SwiftVLA is a method that integrates 4D spatiotemporal information into a lightweight vision–language–action (VLA) model at minimal cost.
(1) It extracts 4D features and adopts a mask-and-reconstruct training strategy that distills 4D knowledge into the VLA, enabling comparable performance during inference using only 2D inputs;
(2) It fuses 2D and 4D features in a lightweight VLM via learnable Fusion Tokens , trained with supervision from the robot arm's future end-effector trajectory to produce a unified, action-aware representation;
(3) Extensive experiments in simulation and on real robots demonstrate that SwiftVLA achieves performance comparable to a baseline that is 7× larger, runs 18× faster, and uses 12× less memory than π₀ on edge devices.

Motivation

We find that smaller VLM models, such as SmolVLM-0.5B, perform noticeably worse on tasks that require spatial reasoning. For instance, when answering questions like "What is the color of the leftmost bowl?", these smaller models often struggle to provide accurate answers compared to their larger counterparts. While models like SmolVLA, based on SmolVLM-0.5B, have a clear advantage in inference speed—especially when compared to more complex models like π₀ based on PaliGemma-3B—they significantly lag behind in task success rate. This is primarily because manipulation tasks in real-world scenarios typically require stronger spatiotemporal reasoning abilities and a deeper understanding of scene dynamics, which these smaller models are limited in handling.

Architecture Comparison

Recent works explore integrating 3D and 4D information into VLA models to enhance perception. As shown in Fig. (b), some fuse 3D features with 2D representations using large VLMs, improving spatial awareness but still relying on heavy models. Others in Fig. (c) decouple 3D processing with an additional branch, increasing parameter overhead and making them unsuitable for compact models. However, as shown in Fig. (d), SwiftVLA utilizes 4D representations as auxiliary inputs and employs a reconstruction objective to learn the spatiotemporal dynamics of 4D features. This enables the model to discard the 4D representations during inference while maintaining performance comparable to using the full 4D inputs.

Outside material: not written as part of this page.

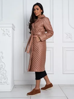 Пальто длинное стеганное демисезонное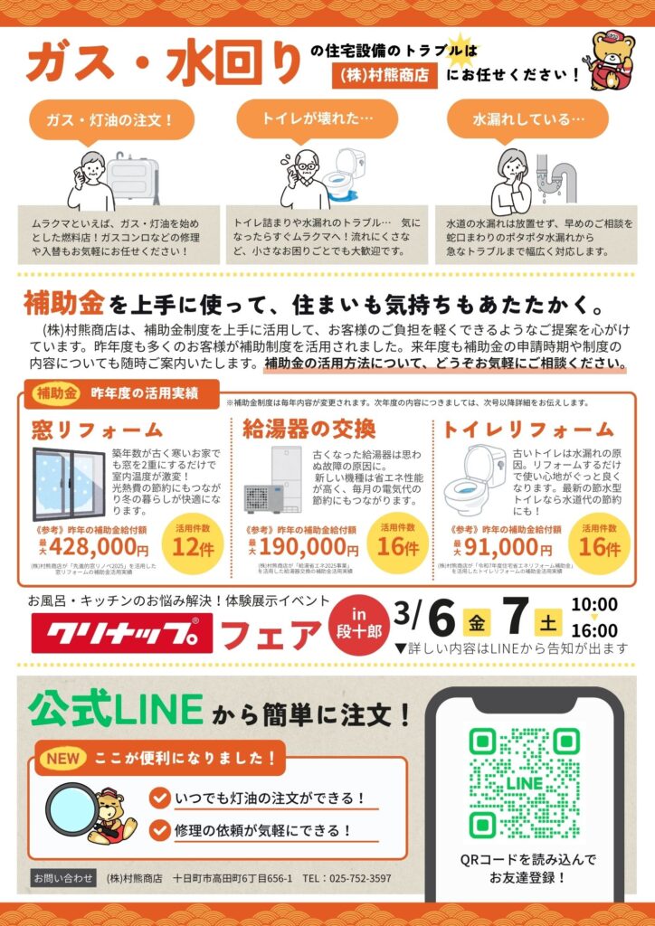 3月には段十郎でクリナップフェアを開催予定します。

(a) Using only 2D features as input to the VLM, which results in limited spatiotemporal awareness. (b) Direct fusion approaches combine spatial and 2D features within large VLMs. (c) Decoupled designs that introduce a dedicated spatial branch, causing large parameter overhead. (d) SwiftVLA leverages a pretrained model to extract 4D features and applies a feature reconstruction objective to align 4D and 2D representations. In addition, Fusion Tokens and a future prediction objective are introduced to strengthen cross-modal integration. The 4D inputs and auxiliary heads are removed at inference to maintain efficiency.

The Pipeline of SwiftVLA

In the SwiftVLA, we first extract 2D and 4D features from input images. A lightweight VLM processes 2D and 4D features with Fusion Tokens to achieve cross-modal integration. The outputs of the Fusion Tokens are supervised by the robot end-effector's future trajectory. During training, we randomly mask either the 2D or the 4D features, and we require the action expert to reconstruct the masked features while learning to generate actions. We show the attention mask under random masking of the 4D features. In this case, 4D features are excluded from the VLM attention, and the model is required to reconstruct the 4D features from the others.

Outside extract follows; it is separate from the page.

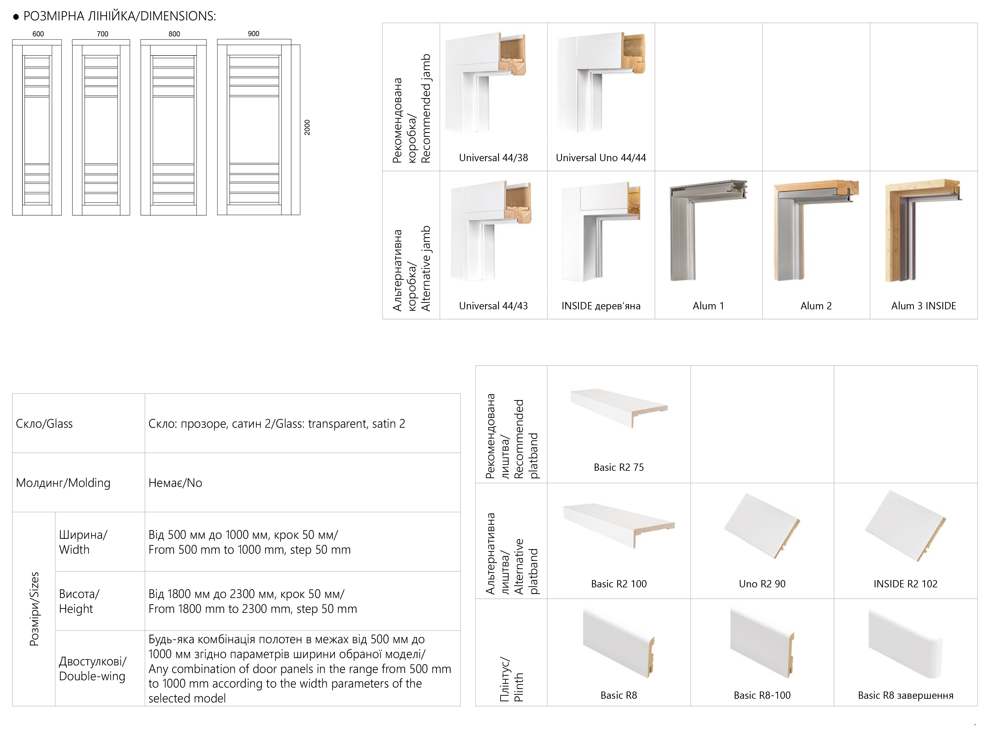 600, 700, 800, 900мм * 2000 мм

Incremental 4D Feature Extraction

We use a pretrained 4D Visual Geometry Transformer to extract 4D features from input images, utilizing both spatial and temporal cues. The method employs spatiotemporal attention, where current features interact with a temporal cache through cross-attention, integrating temporal context. The temporal cache is updated using a FIFO strategy, optimizing efficiency. By providing 4D features from certain views to the VLM and updating the cache with others, we reduce training costs while improving spatiotemporal reasoning.

Fusion Tokens

Rather than relying on heavyweight vision-language models (VLMs) to directly fuse 2D and 4D information, we introduce Fusion Tokens , a set of learnable tokens designed to interact with both 2D features and 4D spatiotemporal representations. These tokens are guided by supervision based on the future trajectory of the end-effector. Our results demonstrate that when tasked with future prediction, Fusion Tokens significantly enhance the ability of lightweight VLMs to effectively integrate and interpret both 2D and 4D information.

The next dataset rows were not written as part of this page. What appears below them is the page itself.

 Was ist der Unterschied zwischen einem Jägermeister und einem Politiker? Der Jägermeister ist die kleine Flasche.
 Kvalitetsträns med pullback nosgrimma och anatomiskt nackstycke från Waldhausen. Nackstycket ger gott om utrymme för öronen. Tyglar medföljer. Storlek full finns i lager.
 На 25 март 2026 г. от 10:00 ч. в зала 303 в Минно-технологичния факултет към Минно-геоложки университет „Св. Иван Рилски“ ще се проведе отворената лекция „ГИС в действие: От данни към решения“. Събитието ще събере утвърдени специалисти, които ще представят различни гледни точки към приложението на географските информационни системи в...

Mask and Reconstruction Strategy

We propose a mask-and-reconstruction strategy that enhances the spatial reasoning capabilities of the VLA by incorporating 4D features during training, while maintaining efficiency during inference. This approach ensures a lightweight model suitable for resource-constrained environments, without sacrificing significant performance.

Training Procedure

During training, we apply random masking to either the 2D or 4D features, requiring the VLA to predict actions based on the remaining modalities while also reconstructing the masked features. This encourages the model to learn geometry-aware representations, which are further refined through reconstruction losses.

Inference Procedure

At inference time, we discard the 4D feature inputs and retain only the 2D feature branch, resulting in a lightweight model with reduced parameters. The 4D feature extractor and reconstruction heads, which were used solely for training supervision, are removed. This compact design enables the model to maintain strong spatial and temporal awareness, while also being computationally efficient and suitable for deployment on real-world robotic platforms.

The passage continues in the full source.